• [Exercise description]
With the pictures removed, please write out every line below exactly as given.

▬▬▬▬▬▬

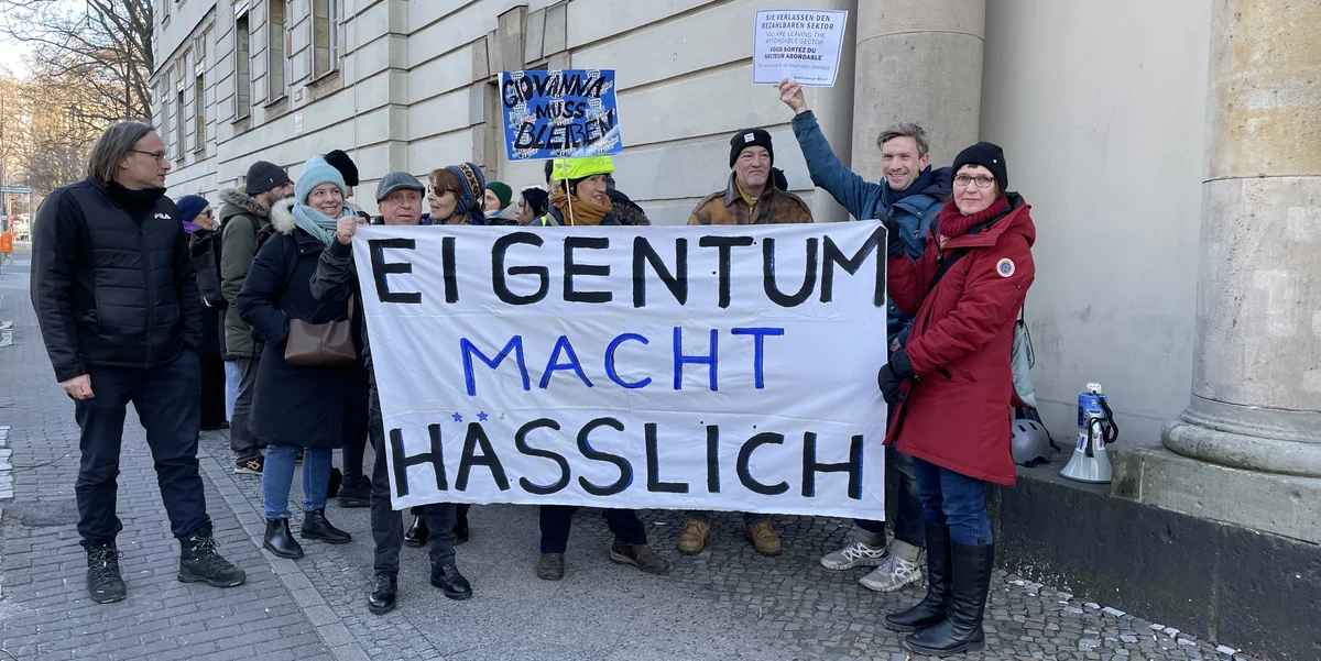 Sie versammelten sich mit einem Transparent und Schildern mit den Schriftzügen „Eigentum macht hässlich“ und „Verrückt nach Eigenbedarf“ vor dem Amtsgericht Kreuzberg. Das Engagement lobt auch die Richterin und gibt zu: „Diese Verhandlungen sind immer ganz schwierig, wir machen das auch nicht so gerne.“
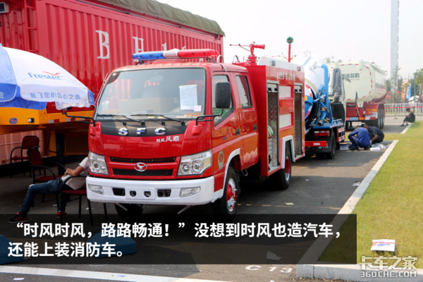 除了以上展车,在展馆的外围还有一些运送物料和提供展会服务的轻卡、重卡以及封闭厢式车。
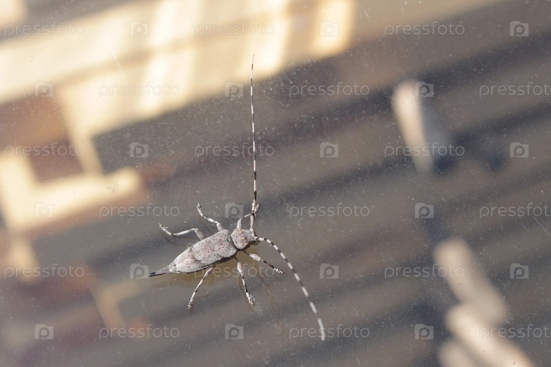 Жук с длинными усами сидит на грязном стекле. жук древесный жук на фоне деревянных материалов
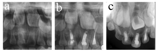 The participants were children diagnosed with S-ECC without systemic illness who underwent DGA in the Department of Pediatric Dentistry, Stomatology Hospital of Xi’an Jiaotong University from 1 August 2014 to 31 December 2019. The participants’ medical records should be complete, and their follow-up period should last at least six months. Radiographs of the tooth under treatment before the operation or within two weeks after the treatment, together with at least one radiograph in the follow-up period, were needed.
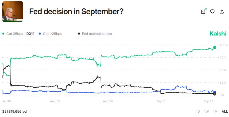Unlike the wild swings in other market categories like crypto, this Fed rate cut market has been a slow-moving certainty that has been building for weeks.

▬▬▬▬▬▬

• [Solution to this problem]
 Sie versammelten sich mit einem Transparent und Schildern mit den Schriftzügen „Eigentum macht hässlich“ und „Verrückt nach Eigenbedarf“ vor dem Amtsgericht Kreuzberg. Das Engagement lobt auch die Richterin und gibt zu: „Diese Verhandlungen sind immer ganz schwierig, wir machen das auch nicht so gerne.“
 除了以上展车,在展馆的外围还有一些运送物料和提供展会服务的轻卡、重卡以及封闭厢式车。
 Жук с длинными усами сидит на грязном стекле. жук древесный жук на фоне деревянных материалов
 The participants were children diagnosed with S-ECC without systemic illness who underwent DGA in the Department of Pediatric Dentistry, Stomatology Hospital of Xi’an Jiaotong University from 1 August 2014 to 31 December 2019. The participants’ medical records should be complete, and their follow-up period should last at least six months. Radiographs of the tooth under treatment before the operation or within two weeks after the treatment, together with at least one radiograph in the follow-up period, were needed.
Unlike the wild swings in other market categories like crypto, this Fed rate cut market has been a slow-moving certainty that has been building for weeks.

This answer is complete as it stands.